Registered: Jun 2003
Location: /dev/null
Distribution: Knoppix 3.3
Posts: 61

Original Poster
Rep: Reputation: 15
Thank you for the program in Perl Cedrik. However i would like to avoid using it, because i already have written some lines in bash, and i want to try if i can solve it using bash. There is some educational purpose in it for me as well, i like bash, almost anything is allowed.
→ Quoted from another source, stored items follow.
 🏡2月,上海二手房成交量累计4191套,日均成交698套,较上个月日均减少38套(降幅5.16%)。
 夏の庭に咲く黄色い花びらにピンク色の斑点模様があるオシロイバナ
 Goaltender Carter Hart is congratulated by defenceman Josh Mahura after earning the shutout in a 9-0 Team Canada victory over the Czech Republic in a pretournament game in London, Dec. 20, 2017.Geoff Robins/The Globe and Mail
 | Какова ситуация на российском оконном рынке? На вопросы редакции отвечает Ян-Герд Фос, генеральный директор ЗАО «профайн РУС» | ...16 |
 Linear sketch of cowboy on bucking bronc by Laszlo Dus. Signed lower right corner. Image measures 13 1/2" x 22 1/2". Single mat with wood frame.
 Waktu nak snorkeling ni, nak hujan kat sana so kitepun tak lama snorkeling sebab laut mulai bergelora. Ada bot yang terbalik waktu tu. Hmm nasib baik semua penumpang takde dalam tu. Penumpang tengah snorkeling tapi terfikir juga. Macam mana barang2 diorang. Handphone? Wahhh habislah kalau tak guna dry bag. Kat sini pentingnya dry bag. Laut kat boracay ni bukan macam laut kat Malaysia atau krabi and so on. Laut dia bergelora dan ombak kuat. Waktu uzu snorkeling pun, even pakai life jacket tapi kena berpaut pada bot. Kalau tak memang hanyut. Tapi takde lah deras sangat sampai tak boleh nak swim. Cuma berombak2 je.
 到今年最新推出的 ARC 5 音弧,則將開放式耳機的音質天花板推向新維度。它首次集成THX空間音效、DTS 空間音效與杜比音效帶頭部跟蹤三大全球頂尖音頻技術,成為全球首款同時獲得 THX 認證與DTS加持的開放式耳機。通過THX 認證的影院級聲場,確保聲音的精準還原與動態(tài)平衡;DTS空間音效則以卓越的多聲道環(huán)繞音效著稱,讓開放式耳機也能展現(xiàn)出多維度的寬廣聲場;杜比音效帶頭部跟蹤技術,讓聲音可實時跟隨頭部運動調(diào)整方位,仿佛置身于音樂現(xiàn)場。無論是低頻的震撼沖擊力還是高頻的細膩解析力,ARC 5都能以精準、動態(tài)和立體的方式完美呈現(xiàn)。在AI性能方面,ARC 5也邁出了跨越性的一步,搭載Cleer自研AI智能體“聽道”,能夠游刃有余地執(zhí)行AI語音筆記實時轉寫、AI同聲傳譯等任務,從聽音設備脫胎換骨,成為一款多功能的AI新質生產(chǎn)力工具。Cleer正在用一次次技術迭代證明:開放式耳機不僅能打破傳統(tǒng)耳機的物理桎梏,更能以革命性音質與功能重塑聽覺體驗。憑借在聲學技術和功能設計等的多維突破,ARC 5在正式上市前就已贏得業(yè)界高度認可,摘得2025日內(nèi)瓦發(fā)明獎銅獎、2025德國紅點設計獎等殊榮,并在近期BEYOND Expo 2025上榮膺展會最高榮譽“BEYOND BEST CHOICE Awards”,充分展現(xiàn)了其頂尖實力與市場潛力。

But i hope you are willing to help me using bash.

This is a scheme of the xml-file i am dealing with :

<BF:LOG>
<BF:ROUND>
<BF:SERVER>
<BF:SETTING>
</BF:SETTING>
<BF:EVENT>
</BF:EVENT>
<BF:SETTING>
</BF:SETTING>
<BF:EVENT>
</BF:EVENT>
<BF:ROUNDSTATS>
<BF:WINNINGTEAM> </BF:WINNINGTEAM>
<BF:VICTORYTYPE> </BF:VICTORYTYPE>
<BF:TEAMTICKETS> </BF:TEAMTICKETS>
<BF:PLAYERSTAT>
<BF:STATPARAM> </BF:STATPARAM>
</BF:PLAYERSTAT>
</BF:ROUNDSTATS>
</BF:ROUND>
</BF:LOG>

The event-blocks keep popping up everywhere in the file, and take up 99% of the space in the file.
I need to split these files up to max 550.000 lines, so the parser does not give me a mem-error.
When i have splitted them up i need to put the other tags back in the smaller files to make the log complete.
I am not exactly a highly experienced bash programmer, so forgive me my code.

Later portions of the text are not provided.